Keywords: Moffete, oxidative stress, antioxidant plasma capacity, myocardial ischemia, histology


Natural mofettes are gases resulting from natural post-volcanic emanations (1) that are found in certain areas of Romania, e.g. in the Harghita volcanic massif, from which carbon dioxide, present in a 95-98% proportion, is used as a therapeutic factor (2,3). Along with carbon dioxide, mofette gas contains small amounts of other volcanic emission gases: ammonium, sulfur, helium and radon (4,5), which induce pulverization of CO2 molecules, increasing the penetration power of CO2 (1-3).

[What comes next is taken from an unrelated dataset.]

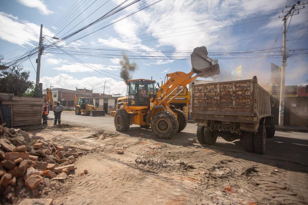 Continúa derrocamientos para la construcción de la nueva Av. Monseñor Leonidas Proaño en el norte de la ciudad.

Mofettes also contain positive and negative air ions, 2,000-15,000 ions/cm3, and have a radioactivity of 0.3 μCi/l, without cancer risk, and a radon concentration lower than 1% (4).

In Romania, there are natural mofettes in the spa resorts Covasna, Băile Tuşnad, Balvanyos, Balnaş, Harghita Băi, Buziaş, Borşa, Slănic Moldova, Sangeorz Băi (2,3,6,7). Mofettes, as natural phenomena, are extremely rare in Europe and the rest of the world; except those present in Romania, they can be found only in Hungary, in Grotta di Cani near Naples, in Marienberg and Andernach in Germany, in Tiskory Lanz in Czechia, in Jawa island and in the Yellowstone Park in the USA (8).

Given their therapeutic efficacy, in many medical rehabilitation centers, artificial mofettes supplied from external sources have been developed (1-3). Mofette gas is indicated for certain diseases, such as peripheral arterial disease stage 1, 2 and 3, arteritis, venopathy, leg ulcers, chronic stable ischemic heart disease, stable hypertension stage 1 and 2, dermatological, gynecological diseases, chronic degenerative rheumatism (2,3). However, the major indication of mofette is in secondary prevention of cardiovascular disease and cardiovascular disease rehabilitation (6,7).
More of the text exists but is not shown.